Personal information
- Full name: Nicola Lai
- Date of birth: 17 January 1986 (age 39)
- Place of birth: Cagliari, Italy
- Height: 1.70 m (5 ft 7 in)
- Position(s): Left midfielder

Youth career
- Cagliari

Senior career*
- Years: Team / Apps / (Gls)
- 2006–2007: Rieti / 18 / (2)
- 2007–2008: Torres / 2 / (0)
- 2009: Algero / 1 / (0)
- Total:  / 21 / (2)

= Nicola Lai =

Italian footballer

Nicola Lai (born 17 January 1986) is an Italian footballer who plays as a midfielder.

==Career==
Born in Cagliari, Sardinia, Lai was sold to Rieti in co-ownership deal. In June 2007, Cagliari decided to give up the remain registration rights to Rieti. In July 2007, he joined Sardinian side Torres.

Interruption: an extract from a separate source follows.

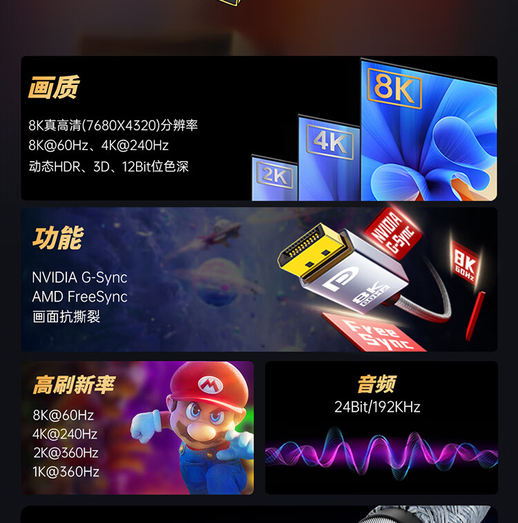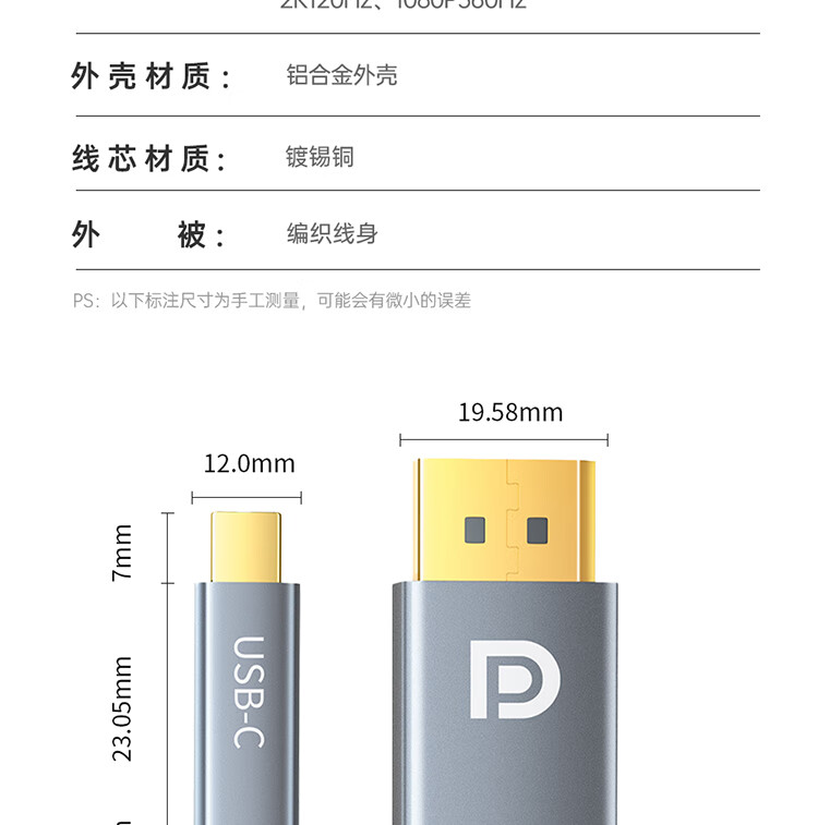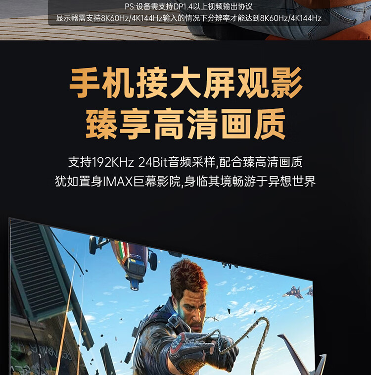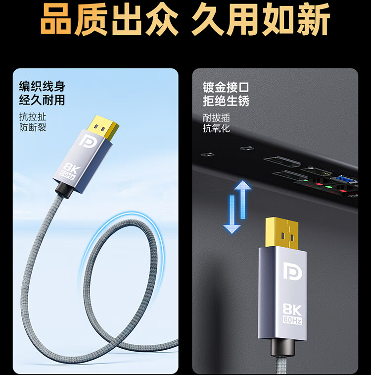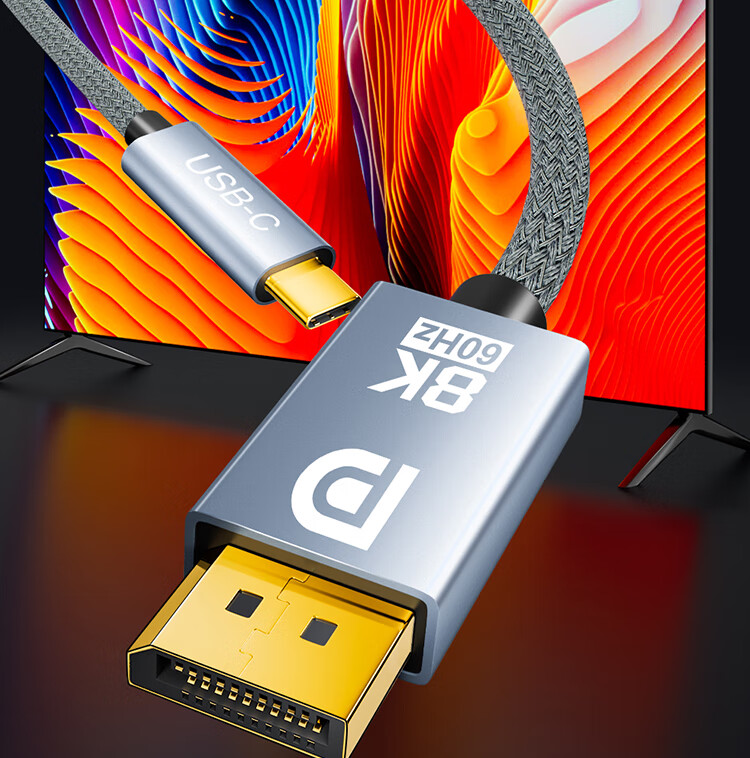 ULT-unite Typ-C auf DP1.4 Adapterkabel 165 Hz kompatibel mit Thunderbolt 4 externem Display 8K HD Konverter High Brush Videoprojektion 1 Meter-8K@60/2K@240Hz DP1.4
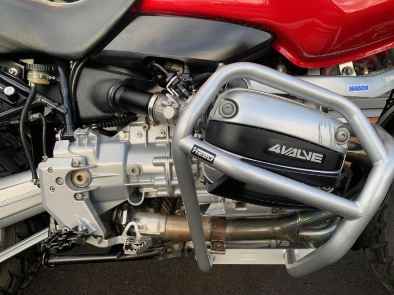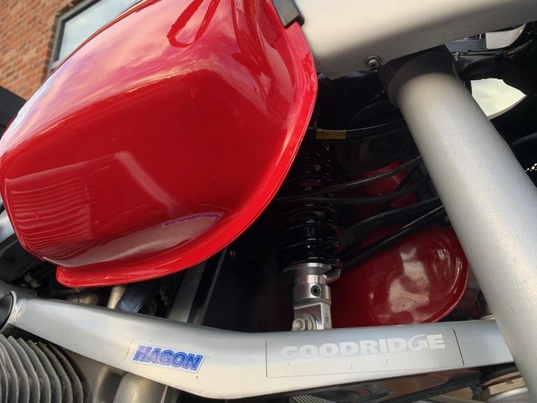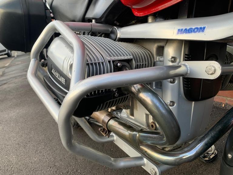 Fitted with front & rear Hagon suspension, genuine BMW panniers and top-box, and featuring the ABS system removed — a common and sensible upgrade on these models, eliminating a known source of issues.

He then played for non-professional side Muravera for a season (at league Promozione), and in 2009-10 season signed for Algero, which the club had former Cagliari team-mate Alessio Cossu, Andrea Cocco, Andrea Peana and Simone Aresti.

But in November 2009, he was released along with Massimiliano Farrugia.